KLARA. O, wie das an mein Herz greift! Ja, ich muss fort, fort!
KARL. Was soll das heißen?
KLARA. Ich muss in die Küche – was wohl sonst? (Fasst sich an die Stirn.) Ja! Das
noch! Darum allein ging ich ja noch wieder zu Hause! (Ab.)
KARL. Die kommt mir ganz sonderbar vor! (Singt.)
Ein kühner Wasservogel
Kreist grüßend um den Mast!
KLARA (tritt wieder ein). Das Letzte ist getan, des Vaters Abendtrank steht am Feuer.
Als ich die Küchentür hinter mir anzog, und ich dachte: Du trittst nun nie wieder
hinein! ging mir ein Schauer durch die Seele. So werd ich auch aus dieser Stube
gehen, so aus dem Hause, so aus der Welt!
KARL (singt, er geht immer auf und ab, Klara hält sich im Hintergrund).
Die Sonne brennt herunter,
Manch Fischlein, blank und munter,
Umgaukelt keck den Gast!
KLARA. Warum tu ich’s denn nicht? Werd ich’s nimmer tun? Werd ich’s von Tag zu
Tag aufschieben, wie jetzt von Minute zu Minute, bis – Gewiss! Darum fort! –
Fort! Und doch bleib ich stehen! Ist’s mir nicht, als ob’s in meinem Schoß bittend
Hände aufhöbe, als ob Augen – (Sie setzt sich auf einen Stuhl.) Was soll das? Bist
du zu schwach dazu? So frag dich, ob du stark genug bist, deinen Vater mit abgeschnittener Kehle – (Sie steht auf) Nein! Nein! – Vater unser, der du bist im Himmel – Geheiliget werde dein Reich – Gott, Gott, mein armer Kopf – ich kann nicht
einmal beten – Bruder! Bruder! – Hilf mir –
KARL. Was hast du?
KLARA. Das Vaterunser! (Sie besinnt sich.) Mir war, als ob ich schon im Wasser
läge, und untersänke, und hätte noch nicht gebetet! Ich – (Plötzlich.) Vergib uns
unsere Schuld, wie wir vergeben unsern Schuldigern! Da ist’s! Ja! Ja! ich vergeb
ihm gewiss, ich denke ja nicht mehr an ihn! Gute Nacht, Karl!

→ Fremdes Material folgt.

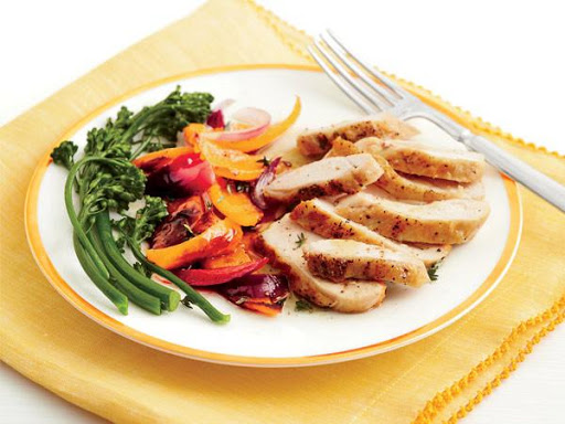 5. Toss pepper mixture with 2 to 3 Tbsp sherry or red wine vinegar and 1 tsp chopped fresh thyme. Serve with chicken and cooked broccolini.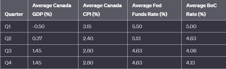 - Commodity Prices: Oil prices are expected to rise toward $85.00/b in 2024 and could easily top that level if the conflict between Israel and Hamas expands to include other Middle Eastern countries. An uptick in the global commodity market could bolster the demand for Canadian crude and other resources, contributing to the bearish sentiment for the USDCAD.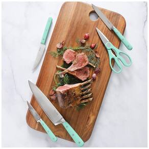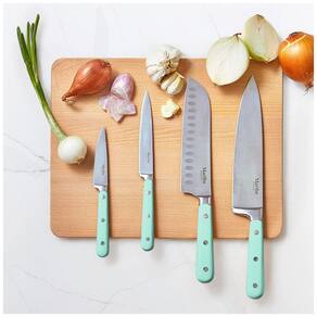 LÂMINAS DE ALTO CARBONO Facas de aço inoxidável forjado com construção full tang para equilíbrio e durabilidade. PUNHOS ERGONÔMICOS Puxadores com rebites triplos em uma bela cor preta fosca moderna. BLOCO DE FACAS RESISTENTE Bloco de facas de madeira de acácia zena facas com segurança. INSTRUÇÕES DE CUIDADOS Lavar apenas à mão. Para limpar o bloco de madeira, passe um pano macio e úmido Marca: Não Informado

KARL. Willst du schon so früh schlafen gehen? Gute Nacht!
KLARA (wie ein Kind, das sich das Vaterunser überhört). Vergib uns –
KARL. Ein Glas Wasser könntest du mir noch bringen, aber es muss recht frisch sein!
KLARA (schnell). Ich will es dir vom Brunnen holen!
KARL. Nun, wenn du willst, es ist ja nicht weit!
KLARA. Dank! Dank! Das war das Letzte, was mich noch drückte! Die Tat selbst
musste mich verraten! Nun werden sie doch sagen: sie hat ein Unglück gehabt!
Sie ist hineingestürzt!
KARL. Nimm dich aber in Acht, das Brett ist wohl noch immer nicht wieder vorgenagelt!
KLARA. Es ist ja Mondschein! – O Gott, ich komme nur, weil sonst mein Vater
käme! Vergib mir, wie ich – Sei mir gnädig – gnädig – (Ab.) […]
Aus: Friedrich Hebbel: Maria Magdalena. Ein bürgerliches Trauerspiel in drei Akten. Stuttgart
2002, S. 90 – 92.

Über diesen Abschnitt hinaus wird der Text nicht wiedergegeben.